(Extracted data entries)

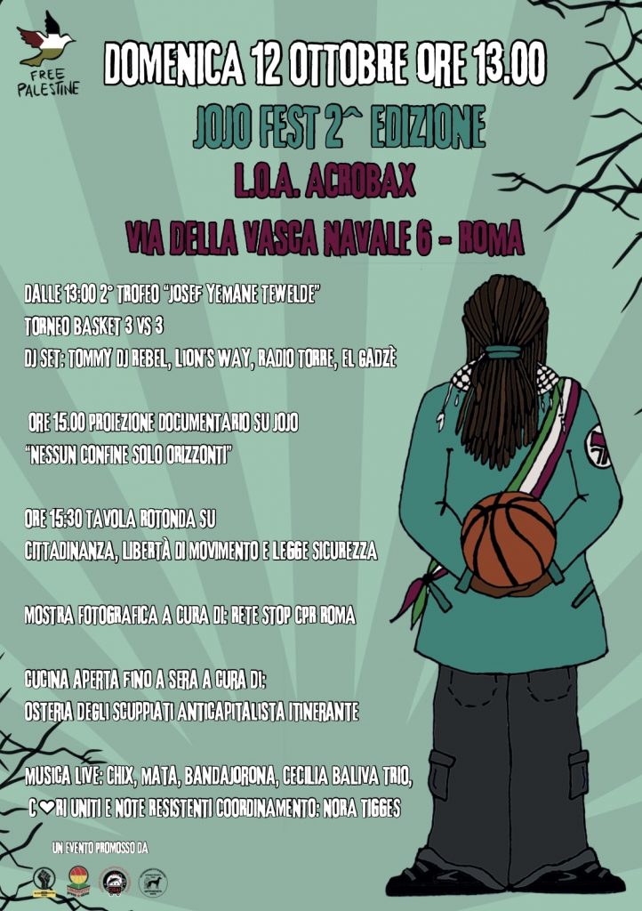 L’energia e l’acuta intelligenza politica di Josef Yemane Tewelde, per tuttə semplicemente Jojo, continuano a circolare nelle strade e nei luoghi di lotta di Roma, a un anno e mezzo dalla sua prematura scomparsa. La testimonianza più concreta di questa eredità collettiva è la seconda edizione del JoJoFest, che si terrà il 12 ottobre presso il L.O.A. Acrobax in via della Vasca Navale 6. Una giornata di sport popolare, musica, socialità e riflessione politica organizzata da un’ampia rete di realtà sociali, collettivi, amicə e compagnə che con Jojo hanno condiviso percorsi di lotta e di vita.
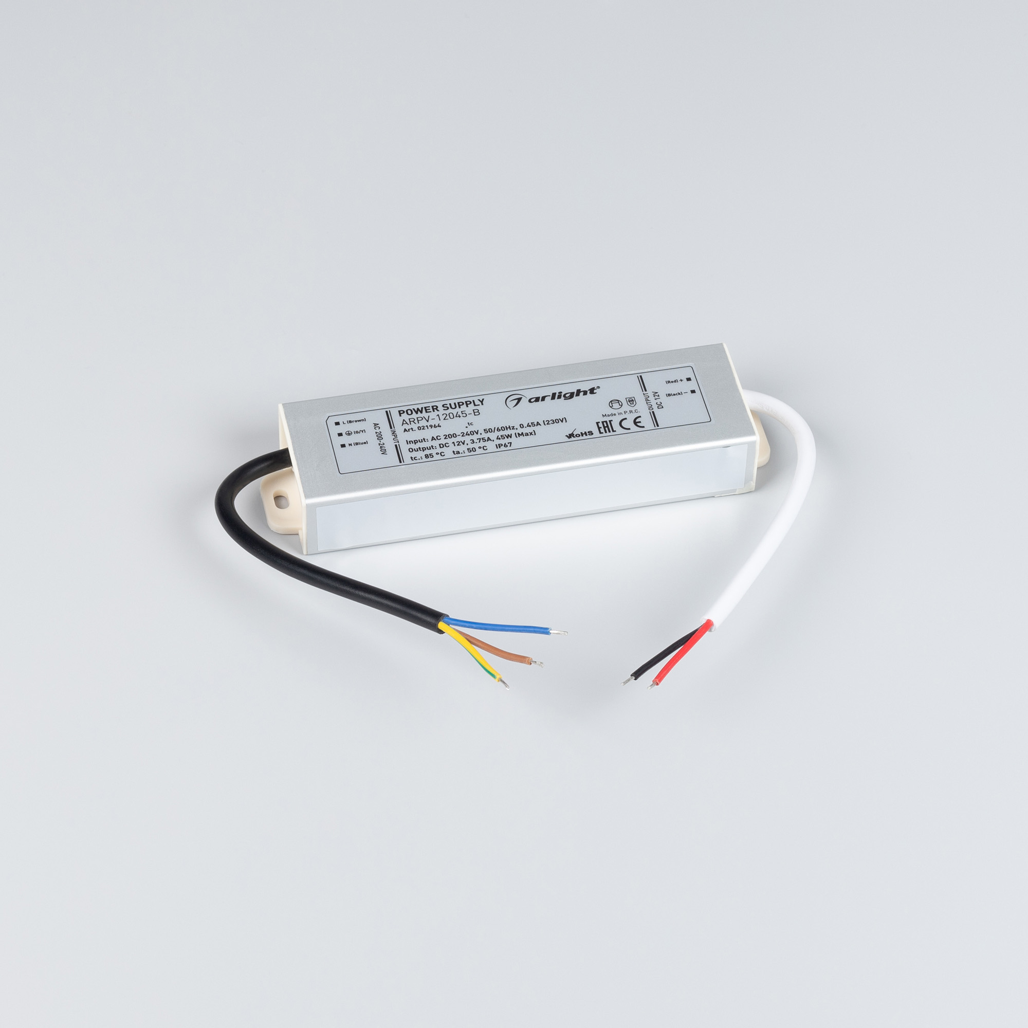 Источник напряжения с гальванической развязкой для светодиодных изделий. Входное напряжение 200-240 VAC. Выходные параметры: 12 В, 3,75 А, 45 Вт. Герметичный алюминиевый корпус IP 67. Рабочая температура -25…+50C⁰. Габаритные размеры длина 148 мм, ширина 40 мм, высота 22 мм. Гарантийный срок 3 года.
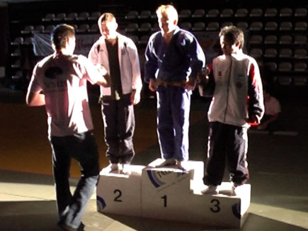 Deze andere judoka was Frank de Wit, de nummer 2 van Nederland, van Ben Rietdijk Sport uit Velserbroek. Het ging er fel aan toe en de partij speelde zich voornamelijk af op de grond (ne-waza). Jim kreeg geen grip op Frank, maar Frank kreeg ook geen grip op Jim. Ze rolden en probeerden maar zonder resultaat. Tot zo’n 10 seconden voor het eind toen Jim met het weer naar de grond gaan op z’n zij terecht kwam en Frank zodoende wasa-ari scoorde. Yuko had ik ook geloofd, maar hoe dan ook was het voor Frank genoeg om te winnen, en zo werd Jim hier (overigens zonder coach, die verhinderd was) heel knap TWEEDE!
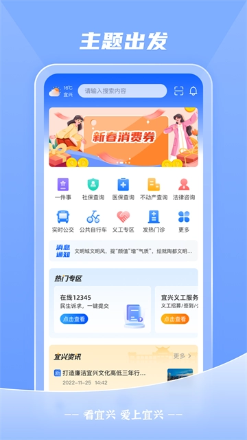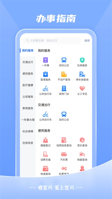 看宜兴是一款宜兴市的便民政务软件,这里会实时速递宜兴市得的新闻资讯,超多热点内容尽在这里。这里支持查询本地居民的社保、公积金、不动产等的状况,在网络上就能够办理好很多业务。还可以在这里查看实时公交,扫码骑车,寻找法律咨询,还有超多的便民服务为你提供,软件界面简单易用,喜欢的快来吧!
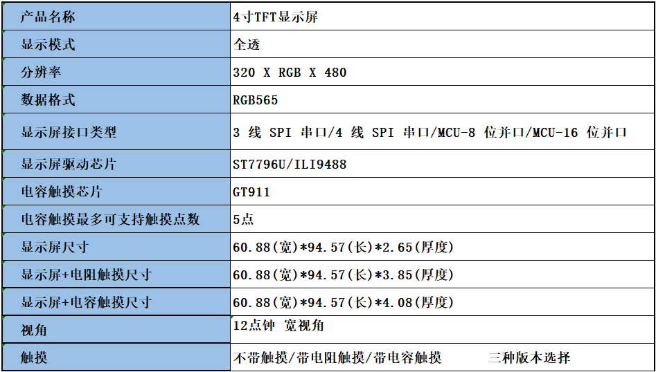 Weiyiyou 4-inch TFT LCD screen ILI9488ST7796 display 3-wire 4-wire serial port 8-bit 16-bit 3.95-inch LCD9488 without touch
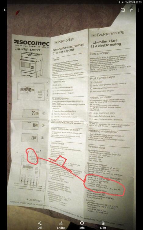 1. B-måler og trådløs pulsteller. Jeg er på jakt etter en frittstående standard enhet/konverter som skal ta imot S0 pulser 0,1 kWh/puls fra b-måler. Fra denne enheten/telleren er det ønskelig med trådløs wifi/z-wave overføring av løpende kWh data til nettbrett/mobil. Vet noen om noe standard produkt(kombinasjon) som kan dette? Vedlagt er bilde av B-måler og utsnitt infoseddel for den. Vh Willy
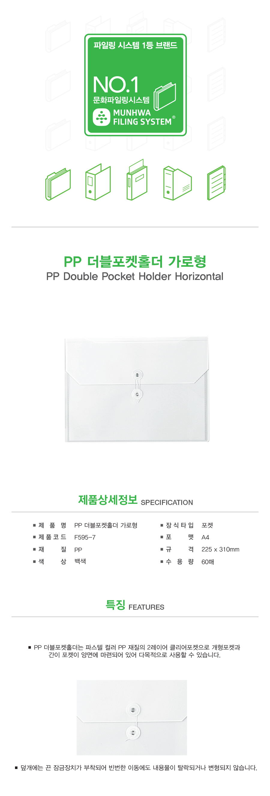 기타파일, 문화산업, F595-7, 투포켓봉투홀더, 가로형, 백색

§ Instructions to follow
Give back the lines from the one containing "Weiyiyou 4-inch TFT" through the last line of the records above exactly as they appear, both included, and no pictures.

§ Your solution
 Weiyiyou 4-inch TFT LCD screen ILI9488ST7796 display 3-wire 4-wire serial port 8-bit 16-bit 3.95-inch LCD9488 without touch
 1. B-måler og trådløs pulsteller. Jeg er på jakt etter en frittstående standard enhet/konverter som skal ta imot S0 pulser 0,1 kWh/puls fra b-måler. Fra denne enheten/telleren er det ønskelig med trådløs wifi/z-wave overføring av løpende kWh data til nettbrett/mobil. Vet noen om noe standard produkt(kombinasjon) som kan dette? Vedlagt er bilde av B-måler og utsnitt infoseddel for den. Vh Willy
 기타파일, 문화산업, F595-7, 투포켓봉투홀더, 가로형, 백색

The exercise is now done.